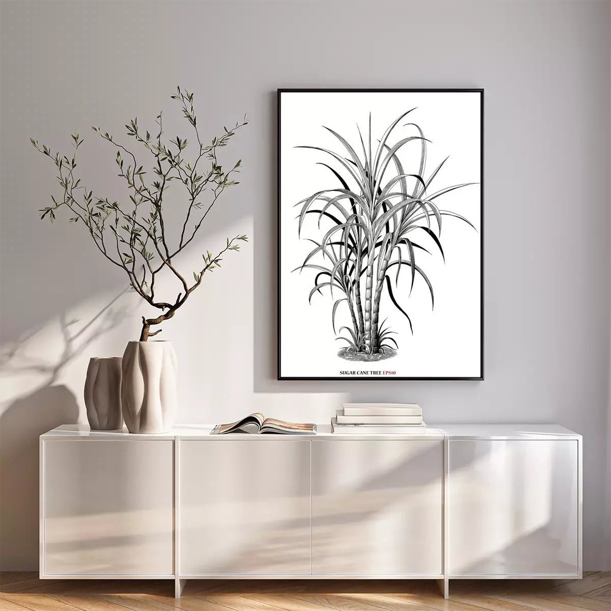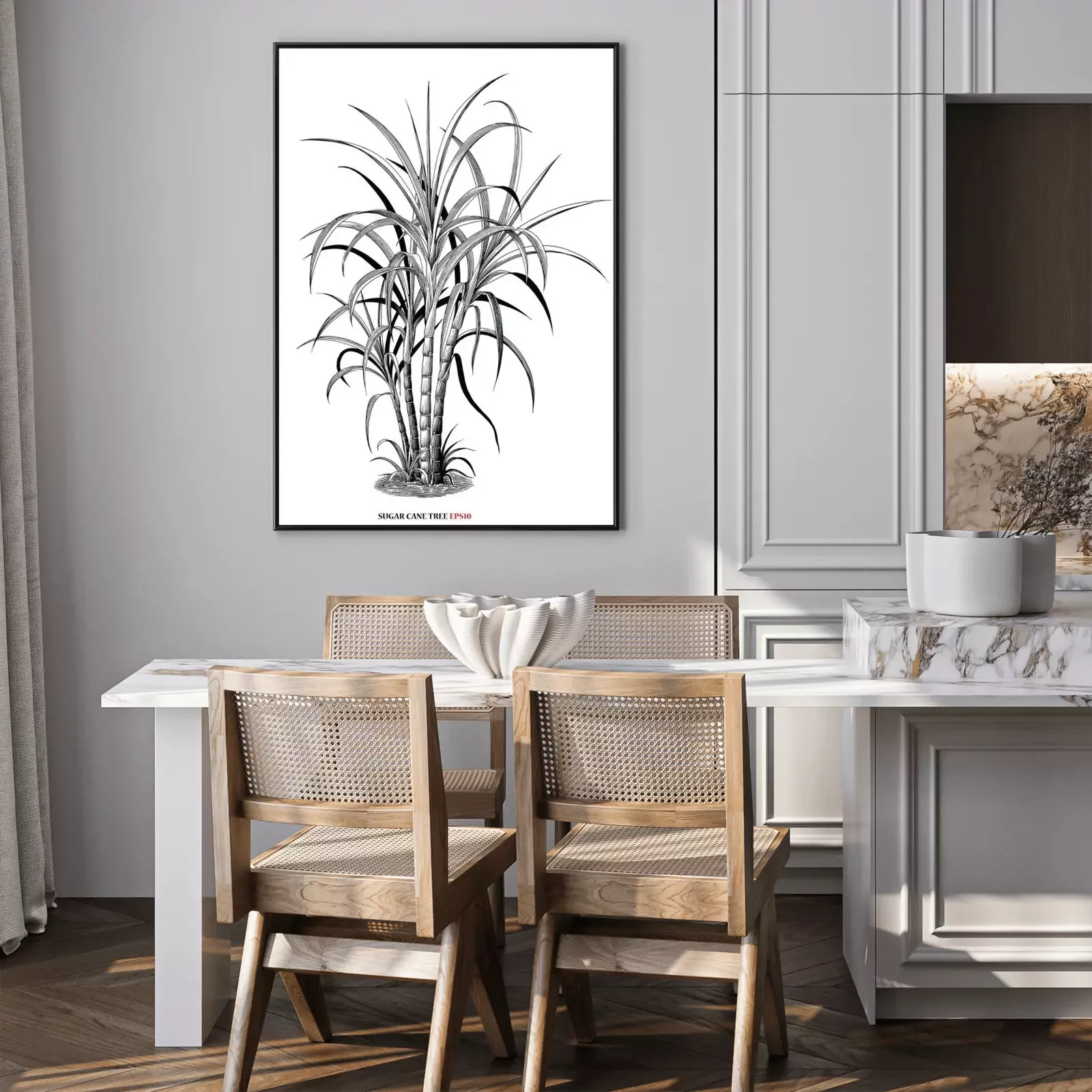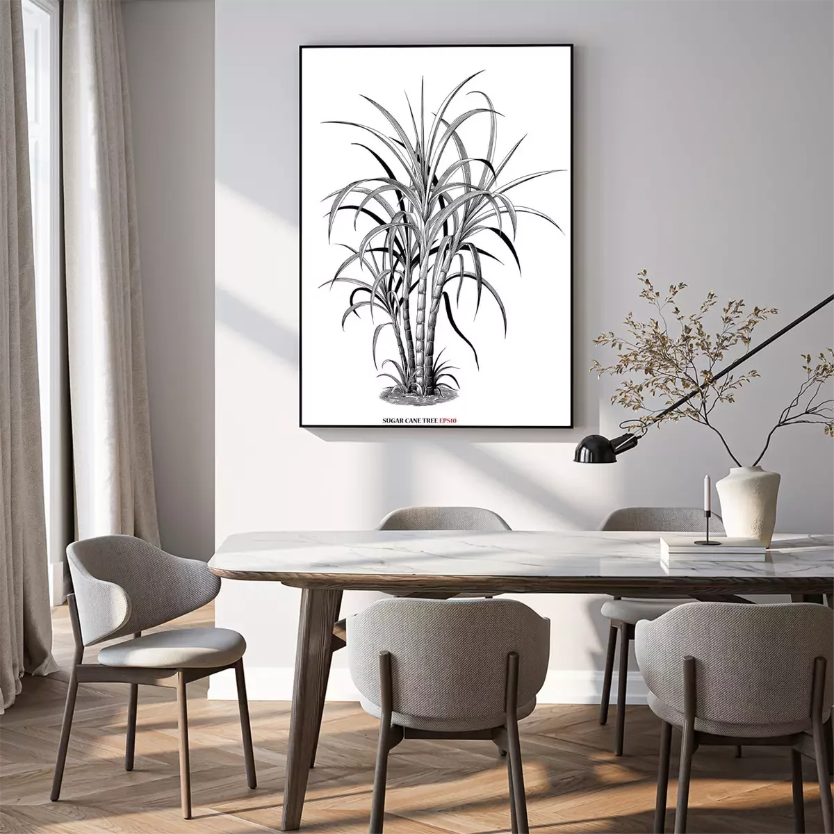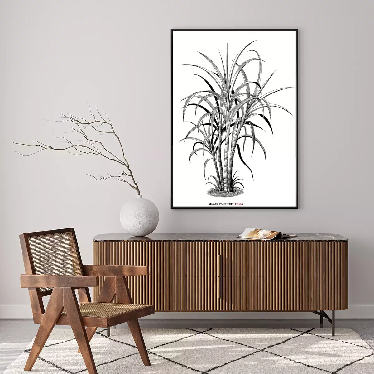 Poster : Graphisme botanique avec une touffe de canne à sucre
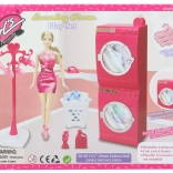 Geef kinderen een realistische speelervaring met de complete set Glorie wasserij. De set bevat een wasmachine die draait na het indrukken van de knop, een droger, een strijkplank, een kapstok, een wasmand en kledinghangers. Ideale aanvulling voor poppenhuizen vanaf 3 jaar.
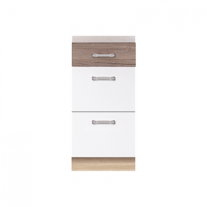 Corp inferior 40 ECO-8D, 3 sertare, corp stejar sonoma, fronturi alb lucios + stejar sanremo, 40x51x82 cm
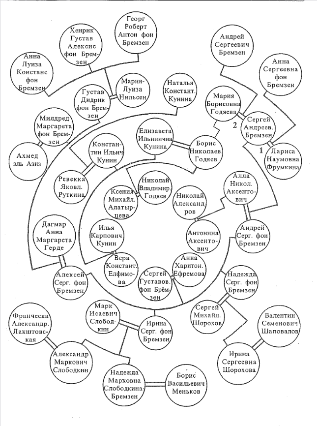 Основные родственники Андрея Бремзена показаны на кольцевой схеме из другой работы Надежды Меньковой.[11]
------------------------
■ **EXERCISE PROMPT**: Write out the listing above again, exactly, but with no pictures in the copy.

■ **EXERCISE RESPONSE**:
 Poster : Graphisme botanique avec une touffe de canne à sucre
 Geef kinderen een realistische speelervaring met de complete set Glorie wasserij. De set bevat een wasmachine die draait na het indrukken van de knop, een droger, een strijkplank, een kapstok, een wasmand en kledinghangers. Ideale aanvulling voor poppenhuizen vanaf 3 jaar.
 Corp inferior 40 ECO-8D, 3 sertare, corp stejar sonoma, fronturi alb lucios + stejar sanremo, 40x51x82 cm
 Основные родственники Андрея Бремзена показаны на кольцевой схеме из другой работы Надежды Меньковой.[11]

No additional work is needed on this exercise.